You may be thinking, hey I think I do that too, hmmm maybe I’m an OPO-addict too? Is there a 12-step deal for this, what books should I run out and buy? There is ONE BOOK that changed everything for me. I started reading it about 10 years ago when Jesus came into my life. He is The Change-Agent. He began a major remodel on me the instant I said yes to Him; but, change in the area of OPO has been gradual... 3 steps forward, 10 back! When I start looking around instead of up for feedback, I'm sunk. That old familiar trap door opens and in I fall, unless I stop and ask The Lord to give me His strength.

I have had seasons of walking so closely with Him, reading His Word daily, then for some stupid reason I start self-directing again. Can Jesus change everything about a person upon their acceptance of Him? Yes, but for most of us acceptance is just the 1st step of a life-long process. Every morning the decision is ours, to yield... or not.
Strong-willed women require extra helpings of grace. On yielded days, days when I am still, and remember that He is God… then, I know for sure that His Opinion of me is the only one that matters. He is The Lord of my life He has an everlasting love for me, and He says that I am His Treasure, His Pearl; and He is mine. God wants to hear from me and help me. It seems too good to be true, but I know that it is True….not just for me, but all who seek His Face.
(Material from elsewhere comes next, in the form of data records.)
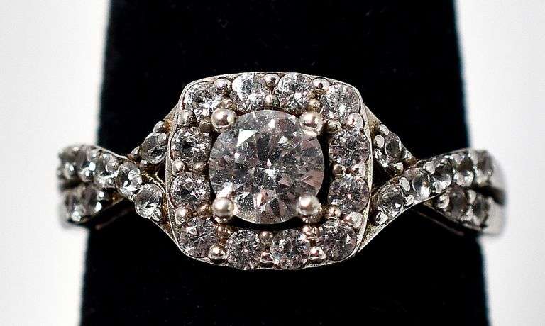 CZ Gemstone Ring in Sterling Silver. This adorable sterling silver ring displays a round cut CZ gemstone center with a halo of round cut CZ gemstones in a prong setting adorned with round cut CZ gemstone pronged on each shoulder. The size of this ring is 4 3/4. Total weight is 4.0 grams.
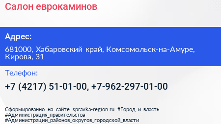 Салон еврокаминов по адресу 681000, Хабаровский край, Комсомольск-на-Амуре, Кирова, 31 в дальнейшем Организация, размещена в следующих категориях:
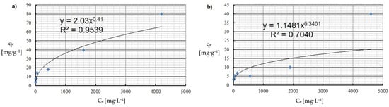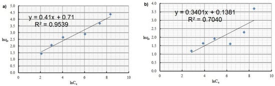 Freundlich isotherm of: (a) Cu(II) and (b) Co(II) ions (pH = 8, Ce = 50–5000 mg·L−1, t = 2 h).
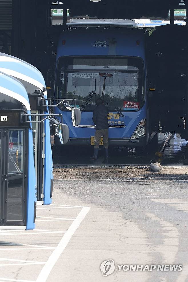 (서울=연합뉴스) 임병식 기자 = 서울 시내버스 파업 예고일을 하루 앞둔 27일 서울시의 한 공영차고지에서 버스 운행에 앞서 세차를 하고 있다. 2025.5.27

When I start wondering what people think of me, I open my Bible to one of Paul’s Letters. Paul achieved worldly success as a young man; then traded it all for the cause of Christ. Paul concluded that other’s opinions did not matter a hoot…and,not only that, he said OPO, other people’s opinions of him were none of his business. How about that! His only care was Christ… how freeing!

What if we all spoke the Truth, simply and lovingly... without defending ourselves, or manipulating others? What if we all truly lived for Christ Alone, An Audience of One!
Lord, let people's opinions of me be none of my business.
Lord, let pleasing YOU be my business and the motivation for everything I do.